The problem is mostly assuredly the lack of human contact. Not physically
seeing people every day got to be a little rough. I'd force myself to go out
on weekends and be social but it still felt fake.

The other big problem was that since I lived in the PNW and winter was setting
in. It would be dark when I got up, and dark when I shut down for the day.
This mean I never really saw the sunshine. I wouldn't really leave my house
for days at a time. This got to be an issue. I felt trapped, even worse than
that corp job I took while in college.

Now I live in San Francisco. The startup I work for has an office. I see sun
almost every day. Hell I walk 2 miles to and then 2 miles from work every day.
Its great! I think the human contact combined with the daily walk has
increased both my energy level and my moral.

As a caveat to this. I still prefer to work from home at least one day a week.
As the break from the daily in office distractions (meetings, troubleshooting,
lunch, etc..) is nice.

So I think proper life balance is in order when working from home. If almost a
daily regiment that forces one to go stop working and go have meaningful human
interaction.

------
tdavis
If you work from home and feel lonely, which is apparently this guy's entire
argument against working from home, _get a hobby_.

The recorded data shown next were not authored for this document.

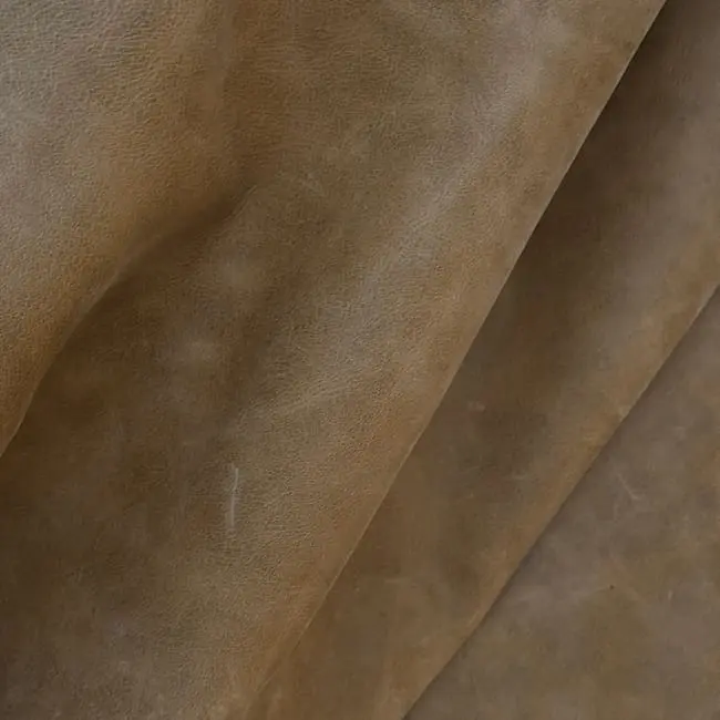 Natural aniline hides are designed to age, wear, fade and polish to develop character and patina over time. These are high quality leathers for the antiques of the future. This product is aniline leather; it will fade in UV, scratch, and shows all the hides natural markings. This range is heavily distressed and shows the natural beauty of leather hides – scars are prominent.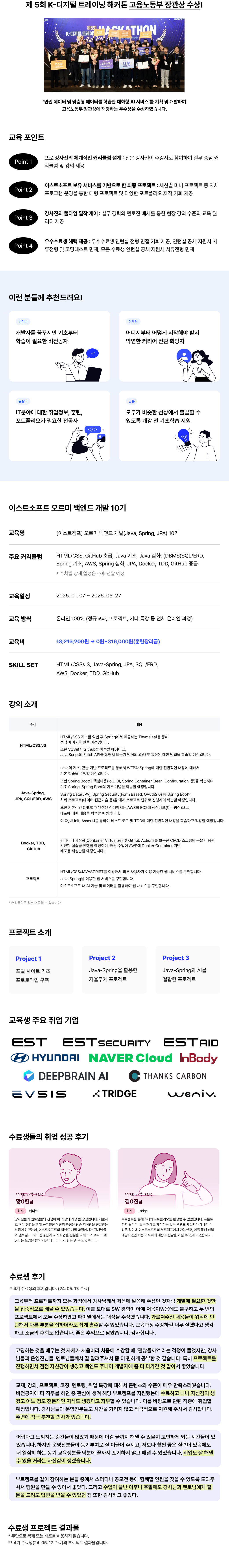 이스트소프트 10년 이상 경력의 강사진이 진행하는 실무 기반 교육과 실속 있는 커리큘럼으로 백엔드 개발자 커리어 시작하기!
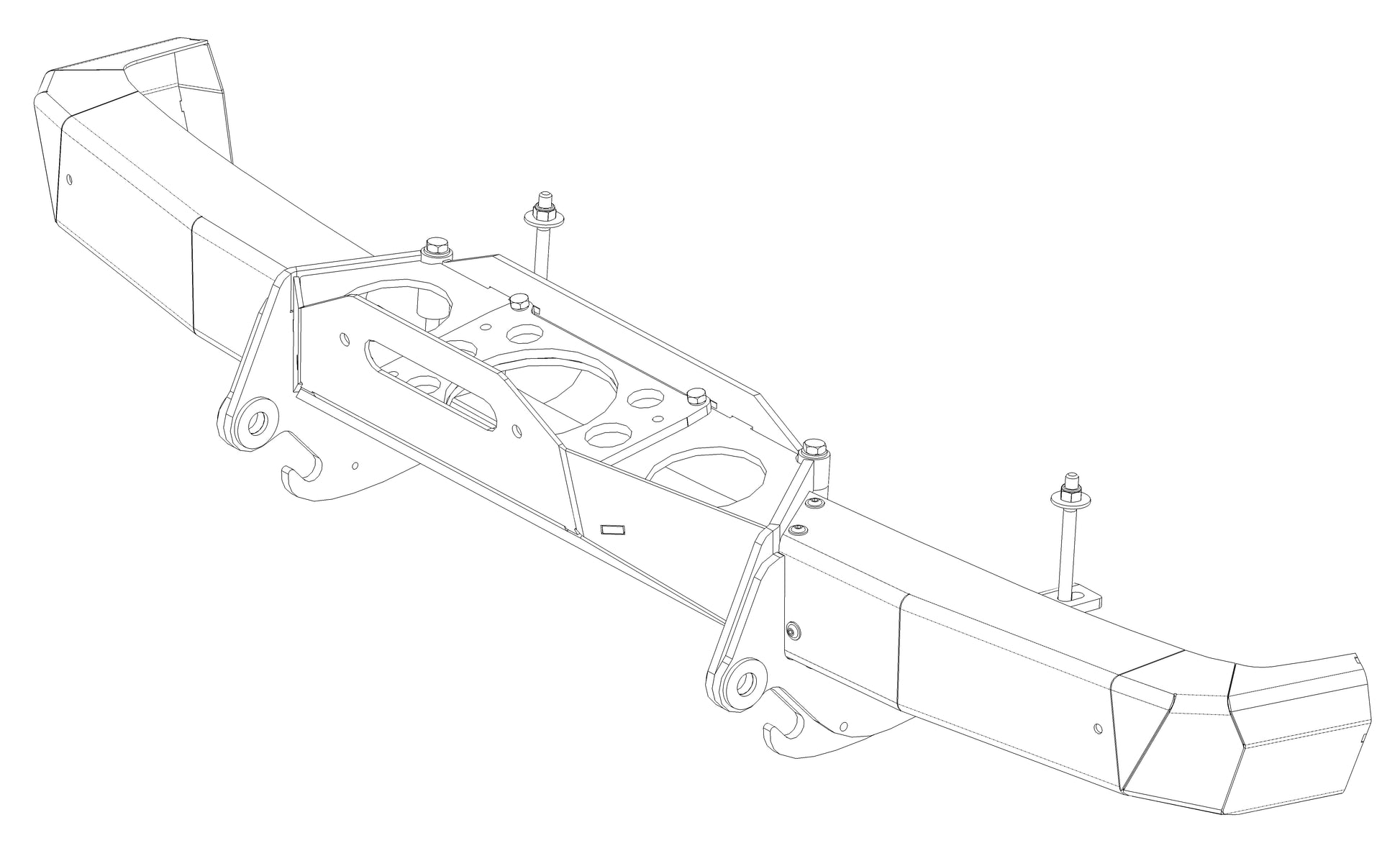 Side bumper sections are bolted to the central winch mount section for ease of assembly and maintenance.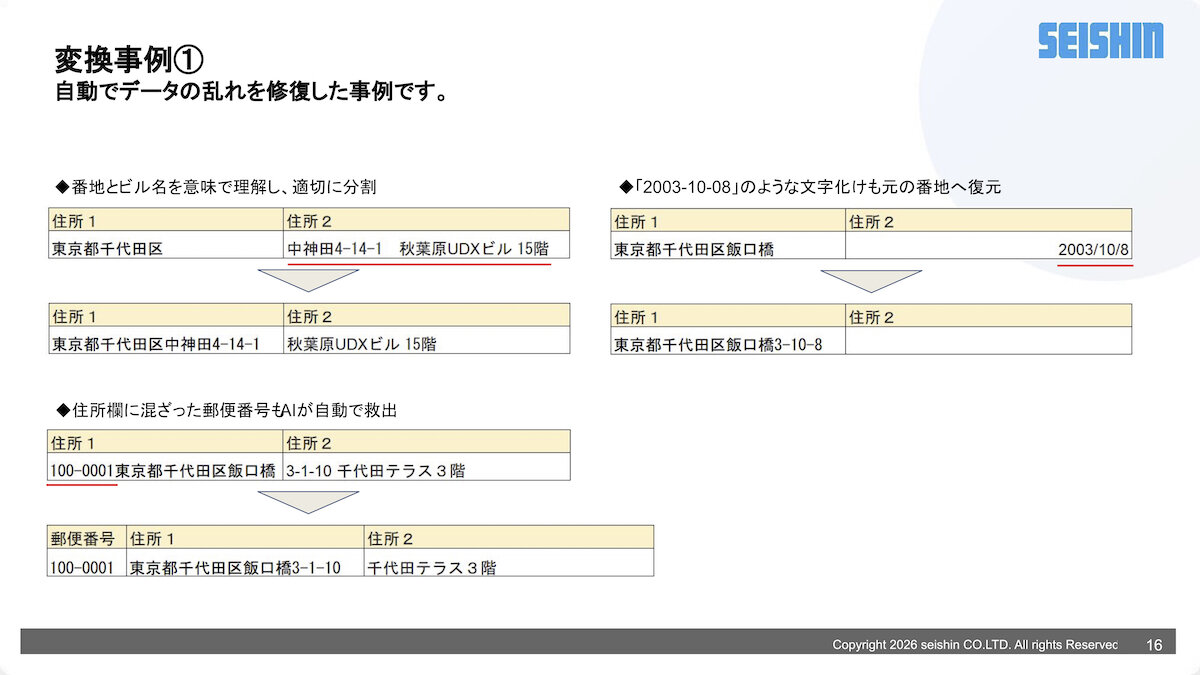 「Logi-Stream」は、AIが「住所」「氏名」「電話番号」などの項目を賢く判別し、自動でマッピング(紐付け)を実行するのでユーザーが手動で設定する必要はない。また、「市区町村」と「番地・建物名」の分割、マンション名の正確な処理を行うとともに住所欄に混入した郵便番号の分離や、Excel特有の日付変換バグ(「3-10-8」が「2003/10/8」になる等)も元の番地へ復元してくれる。さらに電話番号の桁数不足や文字数制限オーバーを事前に検知し、インポートエラーを未然に防ぐ。現時点で主要運送キャリアのフォーマットに対応しており、今後も順次拡大を予定している。

I go to the gym every day right after I wake up. It's a great way to start the
day and there are other human beings there, although I don't actually talk to
them as I am not there to socialize.

I have a hard time rolling out of bed and working all day after a while, so
it's helpful to have a way to "work into" the day.

------
matt1
_"check company IRC, say good morning, make sure nothing’s on fire yet"_ etc
etc

The thing I get from this whole post is that the author lacks passion for his
work. His tone makes his work sound like some terrible chore that he's forced
to do. Don't get me wrong: a "good job" every now and then is always nice, but
not receiving it shouldn't be the primary reason you shouldn't work from home.

If you're the type of person that gets bored easily or needs lots of external
feedback in order to motivate yourself, working from home/starting your own
business is going to be very difficult.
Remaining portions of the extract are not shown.